Task directions: For the records below, output word for word the lines from the one with "- Dzięki przemyślanemu" up to and including the one with "이후 아래 경로에 있는 Autodesk 폴더를 모두 삭제합니다.". No pictures.

Input data:
☆ ☆ ☆ ☆
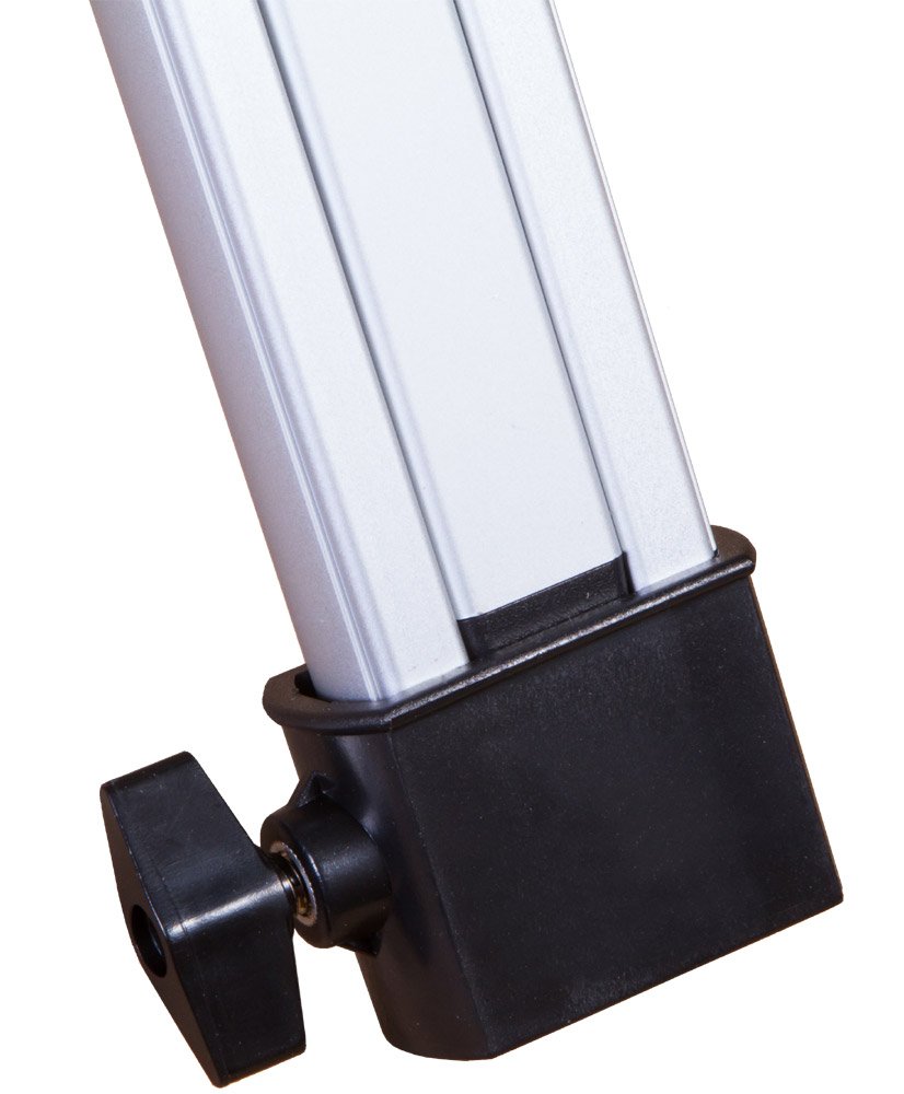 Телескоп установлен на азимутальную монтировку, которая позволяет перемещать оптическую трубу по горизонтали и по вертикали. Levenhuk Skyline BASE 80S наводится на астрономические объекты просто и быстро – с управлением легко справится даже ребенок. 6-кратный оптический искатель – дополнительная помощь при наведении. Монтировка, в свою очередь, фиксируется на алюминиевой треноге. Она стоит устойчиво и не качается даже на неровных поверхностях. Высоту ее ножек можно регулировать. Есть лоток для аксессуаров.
☆ ☆ ☆ ☆
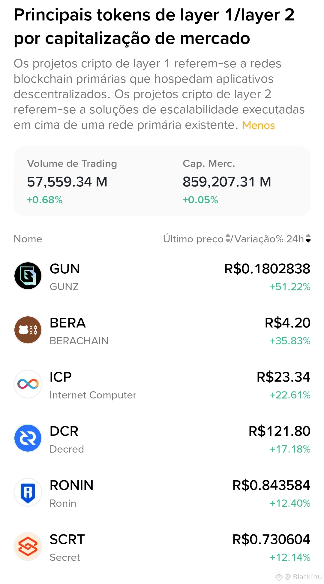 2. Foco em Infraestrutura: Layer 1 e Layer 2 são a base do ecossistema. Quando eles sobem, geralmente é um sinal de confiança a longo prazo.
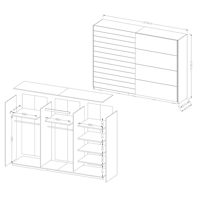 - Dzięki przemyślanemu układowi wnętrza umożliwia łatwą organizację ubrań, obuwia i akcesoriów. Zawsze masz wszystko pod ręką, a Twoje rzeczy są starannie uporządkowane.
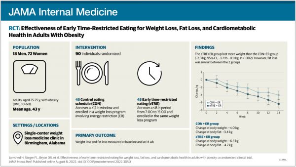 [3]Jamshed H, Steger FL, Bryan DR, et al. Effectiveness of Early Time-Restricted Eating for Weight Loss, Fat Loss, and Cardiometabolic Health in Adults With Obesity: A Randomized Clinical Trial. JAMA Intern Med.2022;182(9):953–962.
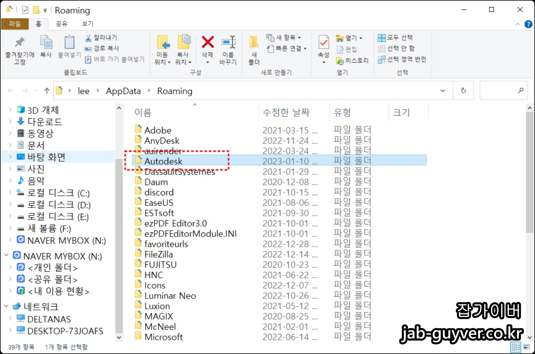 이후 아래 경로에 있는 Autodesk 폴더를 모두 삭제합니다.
☆ ☆ ☆ ☆
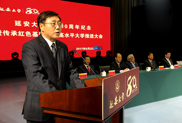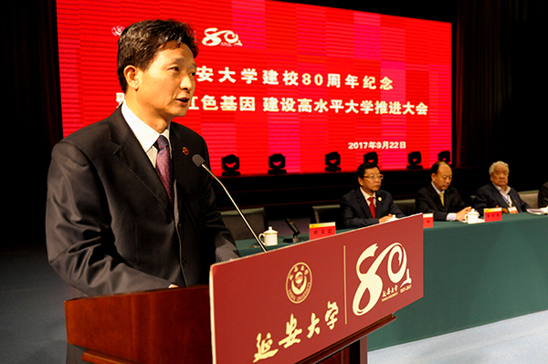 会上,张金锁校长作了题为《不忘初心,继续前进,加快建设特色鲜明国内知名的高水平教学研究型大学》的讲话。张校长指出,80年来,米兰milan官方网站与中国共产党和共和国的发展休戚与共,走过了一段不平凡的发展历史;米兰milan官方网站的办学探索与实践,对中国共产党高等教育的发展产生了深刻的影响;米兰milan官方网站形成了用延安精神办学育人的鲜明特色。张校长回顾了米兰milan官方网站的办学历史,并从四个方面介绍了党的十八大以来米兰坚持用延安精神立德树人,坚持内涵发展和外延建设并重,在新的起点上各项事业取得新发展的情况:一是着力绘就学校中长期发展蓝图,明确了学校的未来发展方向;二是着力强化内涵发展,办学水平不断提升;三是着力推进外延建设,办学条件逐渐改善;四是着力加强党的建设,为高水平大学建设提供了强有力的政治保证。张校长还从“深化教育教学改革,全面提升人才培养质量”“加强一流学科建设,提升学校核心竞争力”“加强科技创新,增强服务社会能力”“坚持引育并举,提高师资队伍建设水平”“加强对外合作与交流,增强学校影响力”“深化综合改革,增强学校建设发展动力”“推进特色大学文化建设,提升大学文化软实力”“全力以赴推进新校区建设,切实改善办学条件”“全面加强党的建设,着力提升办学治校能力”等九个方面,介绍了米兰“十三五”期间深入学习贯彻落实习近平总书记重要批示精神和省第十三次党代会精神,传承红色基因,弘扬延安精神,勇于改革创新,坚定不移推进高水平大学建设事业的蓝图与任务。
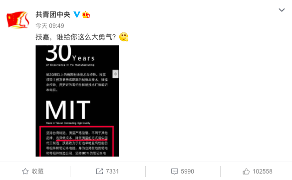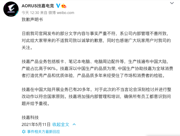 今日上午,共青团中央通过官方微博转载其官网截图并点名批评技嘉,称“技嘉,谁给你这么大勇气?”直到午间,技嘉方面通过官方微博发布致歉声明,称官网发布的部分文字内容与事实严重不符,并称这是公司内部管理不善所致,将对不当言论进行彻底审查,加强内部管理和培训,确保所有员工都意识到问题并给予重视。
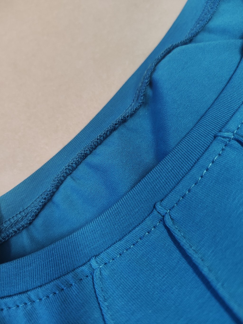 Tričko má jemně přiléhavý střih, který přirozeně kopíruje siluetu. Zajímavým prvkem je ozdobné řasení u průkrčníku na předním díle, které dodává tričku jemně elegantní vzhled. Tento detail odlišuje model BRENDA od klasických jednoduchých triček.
☆ ☆ ☆ ☆
Your solution:
 - Dzięki przemyślanemu układowi wnętrza umożliwia łatwą organizację ubrań, obuwia i akcesoriów. Zawsze masz wszystko pod ręką, a Twoje rzeczy są starannie uporządkowane.
 [3]Jamshed H, Steger FL, Bryan DR, et al. Effectiveness of Early Time-Restricted Eating for Weight Loss, Fat Loss, and Cardiometabolic Health in Adults With Obesity: A Randomized Clinical Trial. JAMA Intern Med.2022;182(9):953–962.
 이후 아래 경로에 있는 Autodesk 폴더를 모두 삭제합니다.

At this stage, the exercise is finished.